Monet’s work interested me, some of Cezanne’s works caught me. But I was more interested in work by Frederic Remington because it seemed more lively and interesting.

I know that the Fine Art Museum had Picasso paintings, but I can’t for the life of me remember what they were – they didn’t catch my attention for longer than a moment.

Picasso’s works didn’t give me any joy. Except for a couple of his earlier, more realistic paintings, I don’t find his works interesting.

Picasso was trained by his father, a professor of art at the School of Crafts in Málaga, Spain. Picasso’s father specialized in the naturalistic depiction of birds, but also was able to teach his son Pablo figure drawing, painting in oil, and some academic training. Pablo never finished a college level arts degree, and dropped out of the Academia de San Fernando in Madrid.

Picasso enjoyed his life immensely. He lived what some describe as a Bohemian lifestyle, very much centered on being a successful artist. I heard it said once that everyone wants to be known as a successful author, but no one wants to actually do all that writing. Picasso lived this analogy as a successful artist who never really needed to paint or create anything better than dreck. His styles of cubism, sculptures like the abstract Chicago Picasso, etchings, abstract expressionism and neo-expressionism allowed Picasso to slap together paint or metal and call it art – and none dare say different.

Compare Picasso with William Bouguereau. Bouguereau created less than 900 exquisite paintings in his lifetime, each filled with painstaking detail, each required weeks of preparation. Picasso created 13,500 paintings in his lifetime. If we are generous, and say that he created his first painting at the age of 10, and painted until the day he died, that works out to a new painting every 2 to 3 days.

But Picasso didn’t just paint, he also created over 100,000 prints and engravings, 34,000 book illustrations, and 300 sculptures. If Picasso were continuously creative for 82 years, he would have created an astonishing 5 works of art per day. That number is probably much higher since Picasso did spend time following other pursuits. To me, this means that he probably spent a couple of hours slapping paint onto canvas as fast as he could so he could get back to his favorite passtime – being “Pablo Picasso.”

Even fans of Picasso have a hard time telling one Picasso Cubist work from another. And Picasso himself did not release all of his work, he held back and kept demand for his work high.

Picasso’s time wasn’t dominated by his art, his time was spent being a wealthy, successful, world-renown artist. He managed to elude military service during the Spanish Civil War and World Wars I and II. He acted in film, and he was a lifelong Communist.

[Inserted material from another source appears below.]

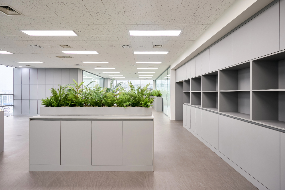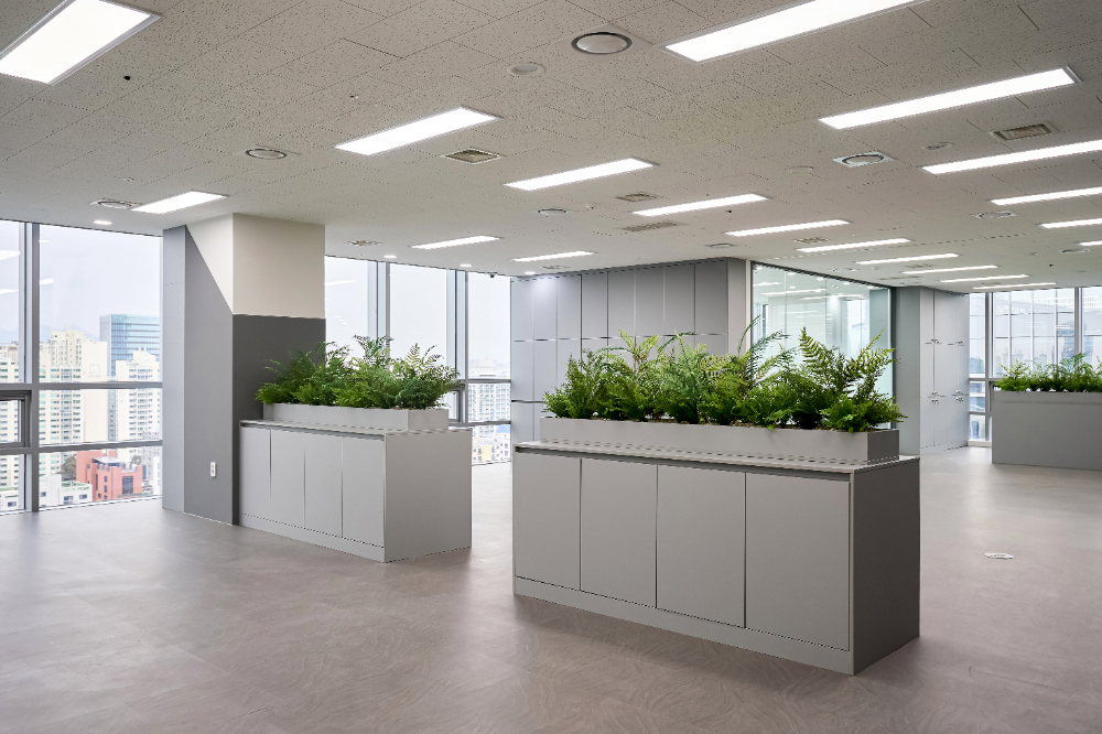 카페테리아 공간을 빠져나오면 메인 사무 공간이 펼쳐집니다. 그리고 영등포 에이스ns타워 지식산업센터인테리어의 특이한 점이 무엇인지 혹시 눈치채셨나요? 바로 공간이 분리되는 곳에 파티션이나 가벽대신 낮은 서랍장으로 구분해두었으며 그 위에는 플랜테리어를 활용했다는 점!

Picasso was married twice and fathered four children by three women. He had numerous girlfriends and mistresses throughout his life, and didn’t seem to care if his wives knew or not. He started a long-term affair at the age of 46 with a 17 year-old girl and fathered a daughter with her. Picasso met and married his last wife at the age of 80. His new wife was a 27 year old divorcee.

Picasso wasn’t a great artist because he really had no interest in honing his skills – Picasso was exactly what he wanted to be. Wealthy, successful, and selfish. His last words, “Drink to me” encapsulate the philosophy of his life.